Both parties could be facing a dreaded déjà vu in Georgia.

Congressional Republicans most certainly have Georgia on their minds with the midterm elections almost upon them, as they should. Their quest to unseat Raphael Warnock, one of the Peach State’s two Democrat senators, could well determine which party controls the upper chamber, come January. They may have to deal with the curse of the Georgia runoff election, however, that stung them twice in 2020. The race between Warnock and Republican challenger Herschel Walker is shaping up to be close enough to trigger a final showdown some four weeks after the midterms. Why? Well, because that’s how things are done in Georgia – which begs a repeat of the question, why?

The Curse of the Georgia Runoff

Georgia is one of only two states that hold runoffs to determine the winners of elections (as opposed to primaries) – Louisiana being the other. The rule says that to win the election outright, a candidate must receive an absolute majority of the votes; 50% plus one. All other states except Alaska and Maine, which use the seemingly bizarre ranked-choice voting system, demand that a candidate win a plurality – that is, more votes than any other contender.

Historically, Democrats have not benefitted from Georgia’s runoff mechanism, introduced in the 1960s. In fact, before 2020 they had not won a statewide election since 2006. Runoff elections have claimed several Democrat scalps, over the years, including incumbent Sen. Wyche Fowler’s shocking, though narrow, 1992 loss to Republican Paul Coverdell. Even in 2008, when Democrats picked up eight Senate seats and prevented Georgia Republican Sen. Saxby Chambliss from passing the 50% mark, they were unable to lift their own curse of the Georgia runoff. Chambliss resoundingly defeated his Democrat challenger in the second round of voting.

Somehow, though, the tides of fortune turned in 2020. Incumbent Republican Sen. Kelly Loeffler was forced into a Jan. 2021 runoff with Warnock in the special election to see who would serve out the remaining two years of Johnny Isakson’s term. Isakson, a Republican, resigned for health reasons in 2019 and Loeffler was appointed to replace him until the special election. Warnock prevailed in the runoff with 51% of the vote to Loeffler’s 49%.
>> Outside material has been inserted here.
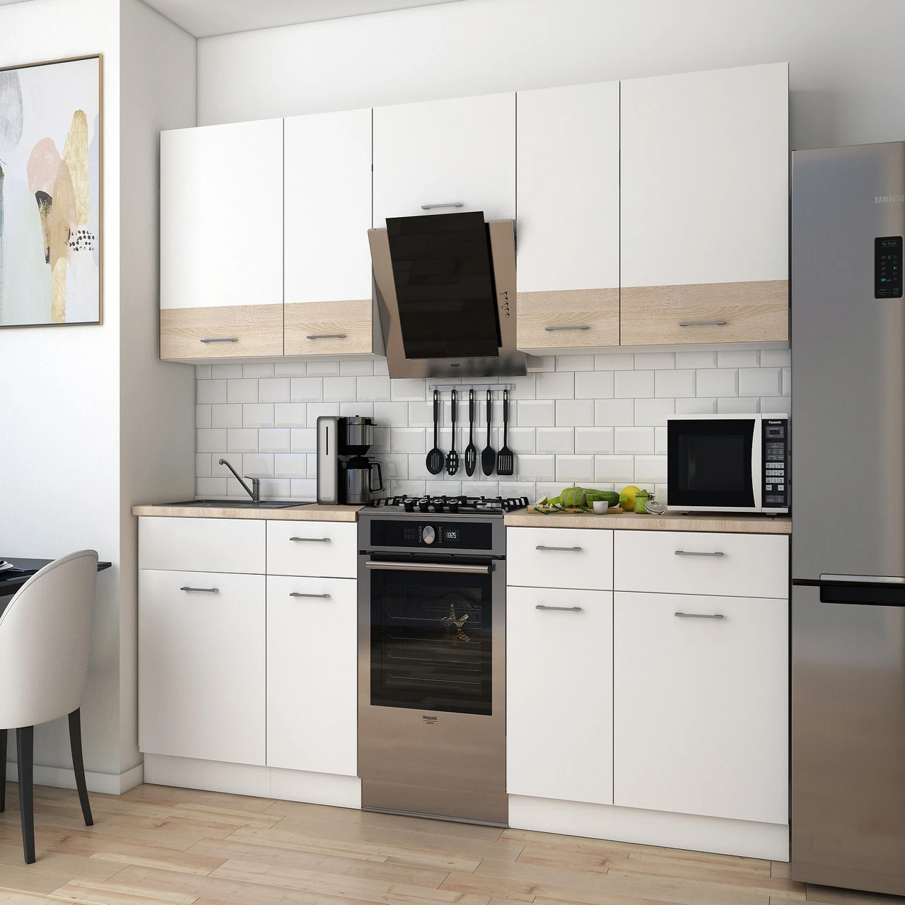 Відкрийте для себе ідеальне поєднання стильного дизайну та практичності з модульною кухнею Лея Doros. Її елегантний білий колір в комбінації з дубом сонома створює затишну атмосферу, яка доповнить будь-який інтер'єр. Простора конструкція 260х60х250 см забезпечує достатньо місця для зберігання всіх ваших кухонних приладів та продуктів, а модульна система дозволяє легко адаптувати кухню під ваші потреби.

David Perdue (R), the other Republican incumbent, narrowly failed to win more than 50% of the votes for his seat in 2020, though at one point he was over the threshold. Perdue fell to Democrat Jon Ossoff in another Jan. 2021 runoff. Republicans were stunned as Democrats swept the Senate races in what was a deep red state.

Should a Georgia runoff be required, it is held four weeks after the election between the two candidates who won the most votes in the election proper. Harold Wilson, who served as British prime minister twice in the 1960s and 1970s, is credited with saying, “a week is a long time in politics.” An awful lot can change in four weeks, then. It’s almost as if a candidate who placed second in the original election could retool their entire strategy to gain the upper hand by the time the runoff comes around. Had there been no majority vote system in Georgia, Warnock would still have ousted Loeffler, and Perdue would have held onto his seat. Republicans could have celebrated a razor-thin 51-49 majority in the Senate.

The State That Can’t be Understated

GettyImages-1243823090 Raphael Warnock

Raphael Warnock (Photo by Megan Varner/Getty Images)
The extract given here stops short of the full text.